Reference	https://www.mdpi.com/2218-273X/10/10/1460
Institute	National Cancer Center
Contributors	Ken Asada, Ryuji Hamamoto

Name	PathoGN
Description	Upon input of mutation information and gene relationship networks, this gadget presents information such as the pathogenicity of the mutation and the predicted relevant genes present in the biomolecular network. This is a novel method implemented as an extension of kGCN.
Reference
Institute	Kyoto University
Contributors	Ryosuke Kojima, Yasushi Okuno

Name	INGOR
Description	INGOR is an implementation of a Bayesian network estimation algorithm. When provided with measured biomolecular profiles, it creates a causal network between biomolecules such as genes and proteins. This gadget can be used to elucidate intermolecular regulatory causal mechanisms and to search for new drug target candidates.
Reference	https://ytlab.jp/clinfo/ingor/tutorialja.html
Institute	Kyoto University
Contributors	Yoshinori Tamada, Yasushi Okuno

Name	INGOR ECv
Description	Given a measured biomolecular profile and a Bayesian network estimated with INGOR, INGOR ECv outputs the edge contribution value (ECv) for each branch in the network and the partial network extracted using this value. This tool is for academic use only.
Reference	https://doi.org/10.1038/s41598-021-02394-w
Institute	Kyoto University
Contributors	Nakazawa, M.A., Tamada, Y., Tanaka, Y., Ikeguchi, M., Higashihara, K., Okuno, Y.

Name	INGOR RC
Description	When the measured biomolecular profiles and the Bayesian network estimated by INGOR are input to INGOR RC, it will output the relative contribution value (RC) for each branch needed to visualize the network for each sample. This tool is for academic use only.
Reference	https://doi.org/10.1038/s41598-021-90556-1
Institute	Kyoto University
Contributors	Tanaka, Y., Higashihara, K., Nakazawa, M.A., Yamashita, F., Tamada, Y., Okuno, Y.

Name	INGOR Network
Description	Based on the measured biomolecular profiles, this Bayesian network estimation algorithm provides results of stratification and grouping of samples based on causal networks, ECv, and networks among biomolecules such as genes and proteins. It can be used for elucidating intermolecular regulatory causal mechanisms, searching for novel drug target candidates, and patient stratification. This tool is for academic use only.
Reference
Institute	Kyoto University
Contributors	Yoshinori Tamada, Yasushi Okuno

Name	TargetMine
Description	A data warehouse that integrates more than 30 public data sources widely used internationally to support early drug discovery research, especially in target discovery, enabling efficient knowledge discovery.
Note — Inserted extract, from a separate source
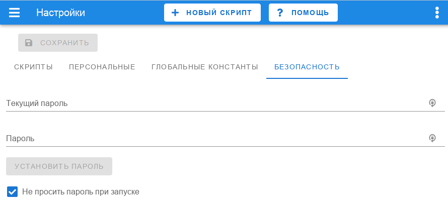 Укажите пароль для доступа к программе. Если вы хотите отключить вход по паролю, то укажите Текущий пароль, а этот параметр оставьте пустым.

TargetMine covers a wide range of data from genes, proteins, and pathways to 3D structures and interactions with compounds. Presently, the data incorporated in TargetMine is primarily focused on the most studied model organisms in the field of drug discovery: humans, rats, and mice.
Reference	https://doi.org/10.1093/bioinformatics/btac507
Institute	National Institutes of Biomedical Innovation, Health and Nutrition (NIBIOHN)
Contributors	Yi-An Chen, Kenji Mizuguchi

Data

There is no data available for release.